RECORDS:
________

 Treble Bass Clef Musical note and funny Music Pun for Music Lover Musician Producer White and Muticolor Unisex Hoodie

________

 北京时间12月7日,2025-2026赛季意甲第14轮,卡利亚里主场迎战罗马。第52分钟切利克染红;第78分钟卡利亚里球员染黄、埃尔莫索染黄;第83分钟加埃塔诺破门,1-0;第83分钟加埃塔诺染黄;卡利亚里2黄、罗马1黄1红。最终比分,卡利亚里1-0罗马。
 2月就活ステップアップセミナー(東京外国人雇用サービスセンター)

________

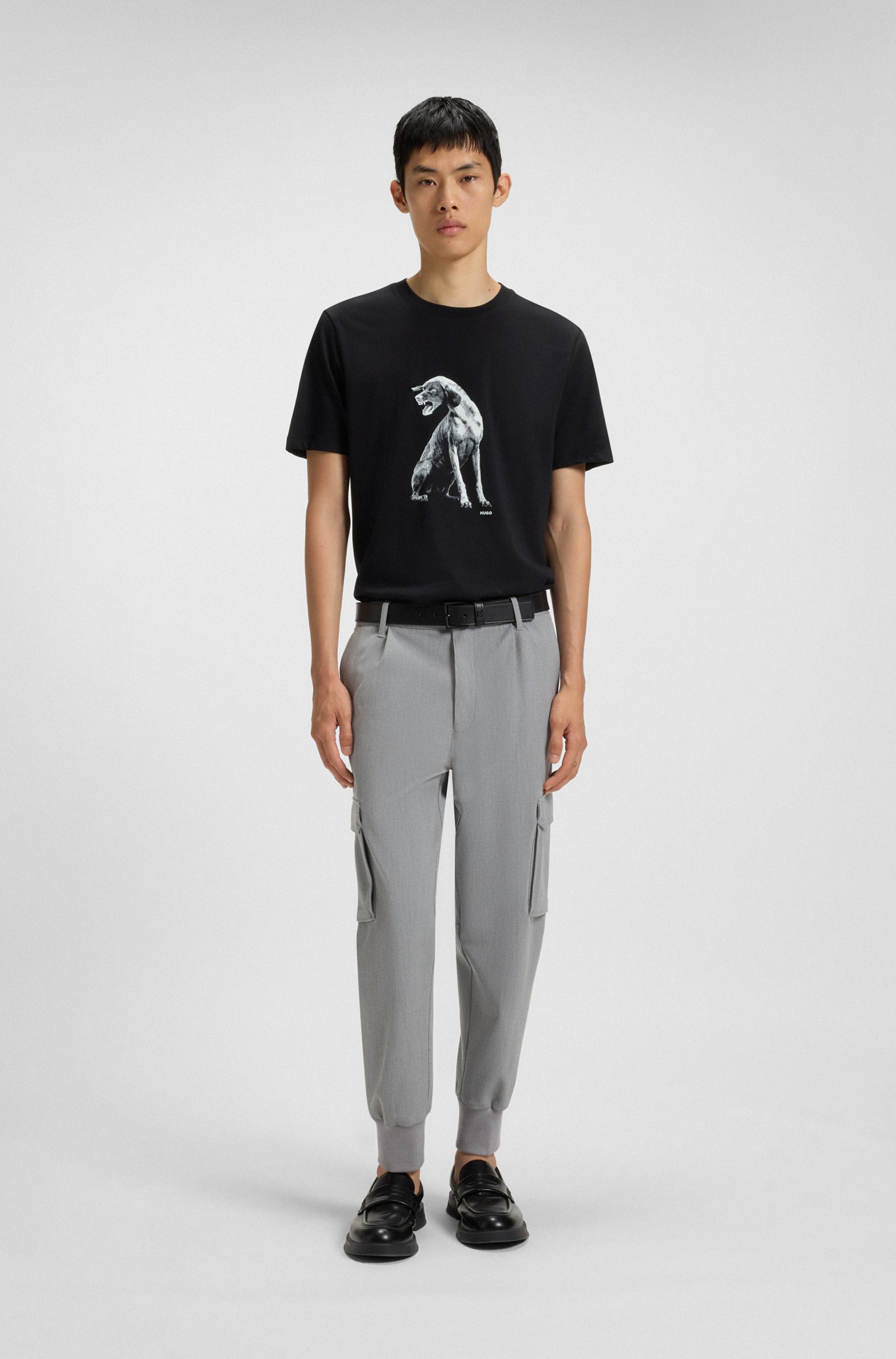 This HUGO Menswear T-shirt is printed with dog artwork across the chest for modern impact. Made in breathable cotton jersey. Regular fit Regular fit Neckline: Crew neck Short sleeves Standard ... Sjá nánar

________

ACTIVITY:
Your reply is to repeat, unchanged, the lines above running from the one with "北京时间12月7日,2025" up to and including the one with "2月就活ステップアップセミナー(東京外国人雇用サービスセンター)".

TASK RESULT:
 北京时间12月7日,2025-2026赛季意甲第14轮,卡利亚里主场迎战罗马。第52分钟切利克染红;第78分钟卡利亚里球员染黄、埃尔莫索染黄;第83分钟加埃塔诺破门,1-0;第83分钟加埃塔诺染黄;卡利亚里2黄、罗马1黄1红。最终比分,卡利亚里1-0罗马。
 2月就活ステップアップセミナー(東京外国人雇用サービスセンター)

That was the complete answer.